An additional problem that happens in real world is that it is sometimes poorly understood by end users that the ML model is not standalone. It implies external developments from the client side (at least to call the model, sometimes to adapt a data pipeline or to change the user interface to add the ML functionality) and they have hard times to understand the entire costs of a ML project as well as their responsibilities in the project. This is not really a problem of ML but rather on how to give a minimal culture on ML to business end users.

A comparison between traditional software development and machine learning projects

ML and traditional software have different moving parts

A traditional software project contains several moving parts:

  • code

  • environment (packages versions…)

  • infrastructure (build on Windows, deploy on linux)

Since it is a more mature industry, efficient tools exists to manage these items (Git, pip/conda, infra as code…). On the other hand, a ML project has additional moving parts:

  • parameters

  • data

As ML is a much less mature field, efficient tooling to adress these items are very recent and not completely standardized yet (e.g. Mlflow to track parameters, DVC to version data, great-expectations to monitor data which go through your pipelines, tensorboard to monitor your model metrics…)

Mlflow is one of the most mature tool to manage these new moving parts.

ML and traditional software have different development lifecycles

In traditional software, the development workflow is roughly the following:

  • you create a git branch

  • you develop your new feature

  • you add tests and ensure there are no regression

  • you merge the branch on the main branch to add your feature to the codebase

This is a linear development process based on determinist behaviour of the code.
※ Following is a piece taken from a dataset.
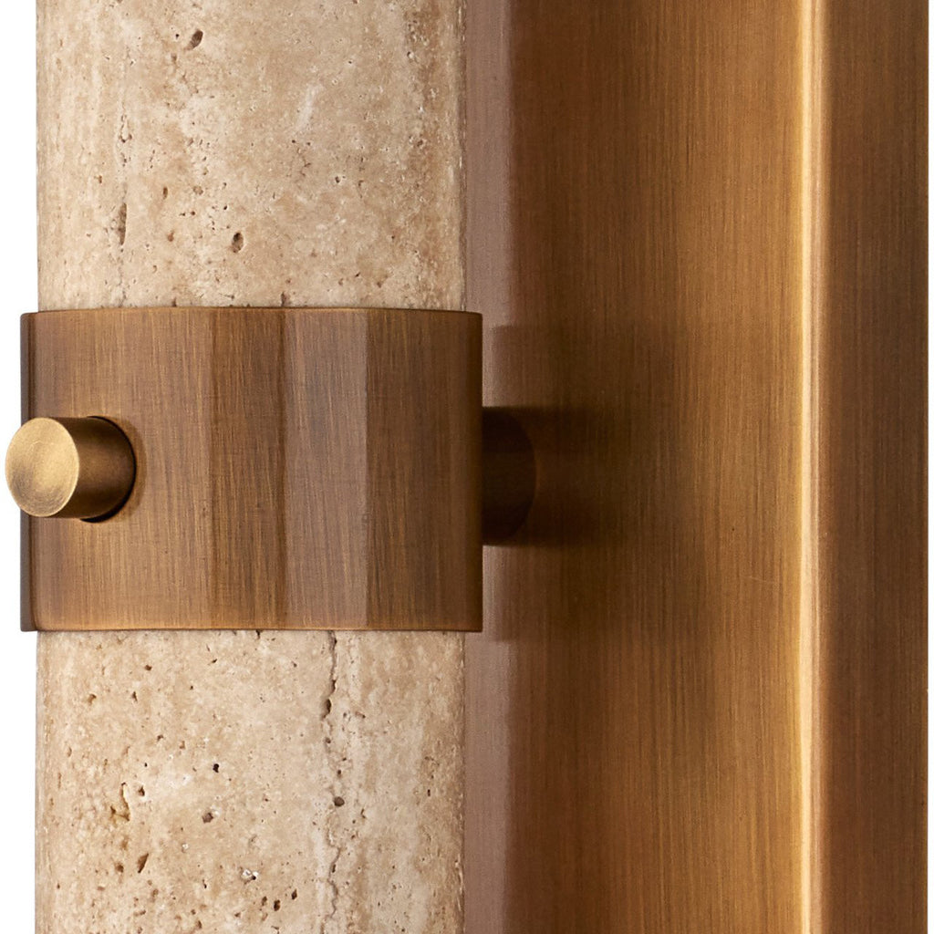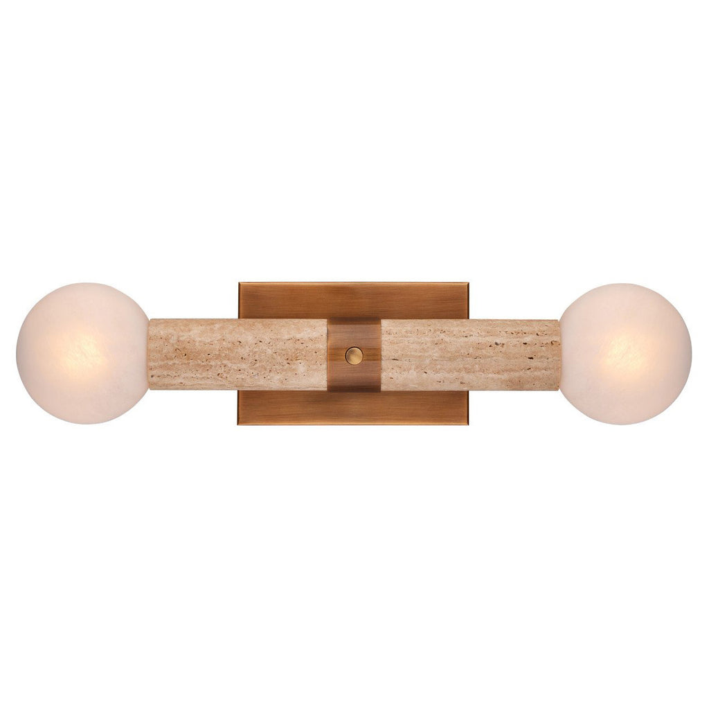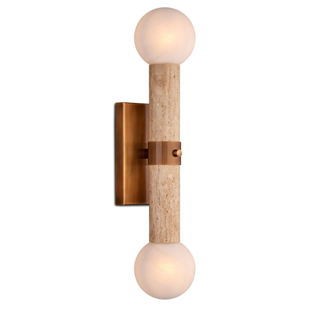 The Beatrix Bath Wall Sconce features a center column made of natural travertine that extends beyond each end of the wall-plate to hold globes made of textured art glass. The milky, mottled glass draws out the pale veins in the travertine or marble, while the antique brass finish on the metal brings warmth to the fixture. This wall sconce can be mounted horizontally or vertically, and the natural stone will vary from fixture to fixture.

However in ML development, the workflow is much more iterative and may looklike this:

  • you create a notebook

  • you make some exploration on the data with some descriptive analysis and a baseline model

  • you switch to a git branch and python scripts once the model is quite stable

  • you retrain the model, eventually do some parameter tuning

  • you merge your code on the main branch to share your work

If you need to modify the model later (do a different preprocessing, change the model type…), you do not add code to the codebase, you modify the existing code. This makes unit testing much harder because the desired features change over time.

The other difficulty when testing machine learning applications is it hard to test for regression, since the model depends on underlying data and the chosen metrics. If a new model performs slightly better or worse than the previous one ont the same dataset, it may be due to randomness and not to code quality. If the metric varies on a different dataset, it is even harder to know if it is due to code quality or to innate randomness.

This is a cyclic development process based on a stochastic behaviour of the code.

Kedro is a very new tool and cannot be called “mature” at this stage but tries to solve this development lifecyle with a very fluent API to create and modify machine learning pipelines.

Deployment issues addressed by kedro-mlflow and their solutions

Out of scope

We will focus on machine learning development lifecycle. As a consequence, these items are out of scope:

  • Orchestration

  • Issues related to infrastructure (related, but not limited to, the 3 first items of above list: scalability and cost control, inference speed, disponibility and resilience)

  • Issues related to model monitoring: Data distribution changes over time, model decay, data access…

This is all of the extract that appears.